# Painting on a Kayak ?



## Pomeroy (Dec 13, 2009)

Has anyone used a spray paint on thier Kayak ? I've bought a new Ascend DS12 & it is great, but the color ( as much as I like it ) is a dark burgandy/light red color...I'm concerned when I'm out on larger bodies of water with boats I may not be seen, I have a saftey flag for it, but just looking for a little more. I considered painting a section of the front & rear a bright orange or red, I wondered how the paint would adhere? I've just tried a spot on my old sit on top, but looking for others opinions. Any help is greatly apprieciated.
Thanks,
Bruce


----------



## Too Busy (Sep 7, 2007)

Head over to Kayak Bass Fishing and check out w2n's tiger striped Pungo.
Wade's bad to the bone Pungo


----------



## Fishwander (Jul 2, 2010)

> GaMntSurffisher :
> ...on larger bodies of water with boats I may not be seen, I have a saftey flag for it, but just looking for a little more .

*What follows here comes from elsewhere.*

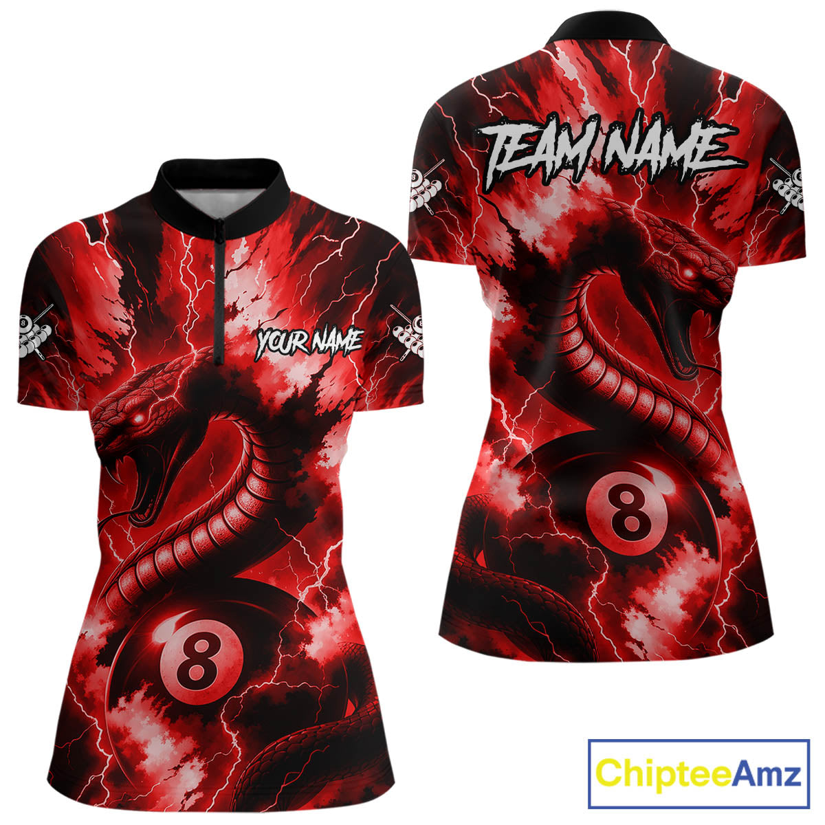 Red 8 Ball Thunder Lightning Cobra Snake Billiard Shirt For Women Custom Billiard League Pool Jersey TDM4840

Consider SOLAS tape ( highly reflective - night or day) on your paddles. You can be seen as much as a mile and a half by just a casual observer.
There is also SOLAS cloth tape which can be sewn onto the front and back of your life preserver
Also , if you have an anchor trolley , there are reflective ropes with bits of mylar impregnated into the rope that can be seen at quite a distance.

The SOLAS will be reflected by both sunlight and by moonlight.

Fishwander


----------



## Pomeroy (Dec 13, 2009)

Thanks for the help, that painted kayak was awsome...may be a project this winter. I will check out the tape tommarrow
Bruce


----------